• **YOUR INSTRUCTIONS**
Transcribe the listing below only from the line with "Delikatna i elegancka" up to and including the line with "Na haar kwamen".

• **SUPPLIED INFORMATION**

+-------+

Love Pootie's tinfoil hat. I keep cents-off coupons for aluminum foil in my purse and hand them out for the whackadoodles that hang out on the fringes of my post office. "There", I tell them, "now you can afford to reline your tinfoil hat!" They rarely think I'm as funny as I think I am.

+-------+

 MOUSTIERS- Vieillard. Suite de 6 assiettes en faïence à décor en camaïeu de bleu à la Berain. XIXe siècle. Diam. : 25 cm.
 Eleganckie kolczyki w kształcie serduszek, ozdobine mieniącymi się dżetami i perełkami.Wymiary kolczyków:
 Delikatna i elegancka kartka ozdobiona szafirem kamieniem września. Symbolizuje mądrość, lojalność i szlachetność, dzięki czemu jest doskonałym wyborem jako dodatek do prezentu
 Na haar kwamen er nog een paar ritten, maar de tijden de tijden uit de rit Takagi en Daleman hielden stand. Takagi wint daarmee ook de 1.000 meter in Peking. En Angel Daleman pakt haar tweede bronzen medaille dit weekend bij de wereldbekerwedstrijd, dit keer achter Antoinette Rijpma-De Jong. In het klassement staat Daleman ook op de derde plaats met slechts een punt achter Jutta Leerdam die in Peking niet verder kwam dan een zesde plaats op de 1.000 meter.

+-------+

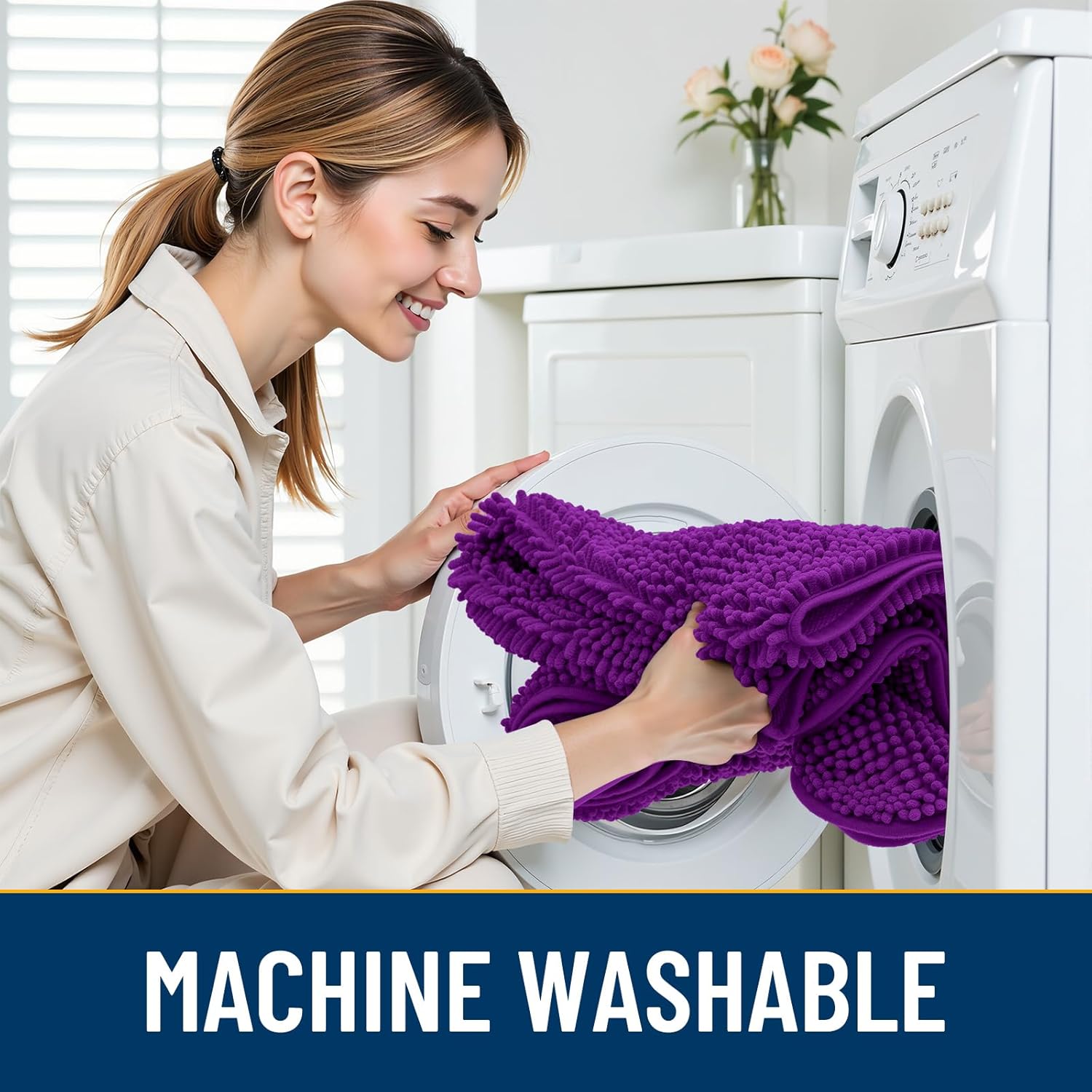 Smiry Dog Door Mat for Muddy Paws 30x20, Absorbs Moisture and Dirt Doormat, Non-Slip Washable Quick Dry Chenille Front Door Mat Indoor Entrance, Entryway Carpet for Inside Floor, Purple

+-------+

• **SOLUTION TO THE PROBLEM**
 Delikatna i elegancka kartka ozdobiona szafirem kamieniem września. Symbolizuje mądrość, lojalność i szlachetność, dzięki czemu jest doskonałym wyborem jako dodatek do prezentu
 Na haar kwamen er nog een paar ritten, maar de tijden de tijden uit de rit Takagi en Daleman hielden stand. Takagi wint daarmee ook de 1.000 meter in Peking. En Angel Daleman pakt haar tweede bronzen medaille dit weekend bij de wereldbekerwedstrijd, dit keer achter Antoinette Rijpma-De Jong. In het klassement staat Daleman ook op de derde plaats met slechts een punt achter Jutta Leerdam die in Peking niet verder kwam dan een zesde plaats op de 1.000 meter.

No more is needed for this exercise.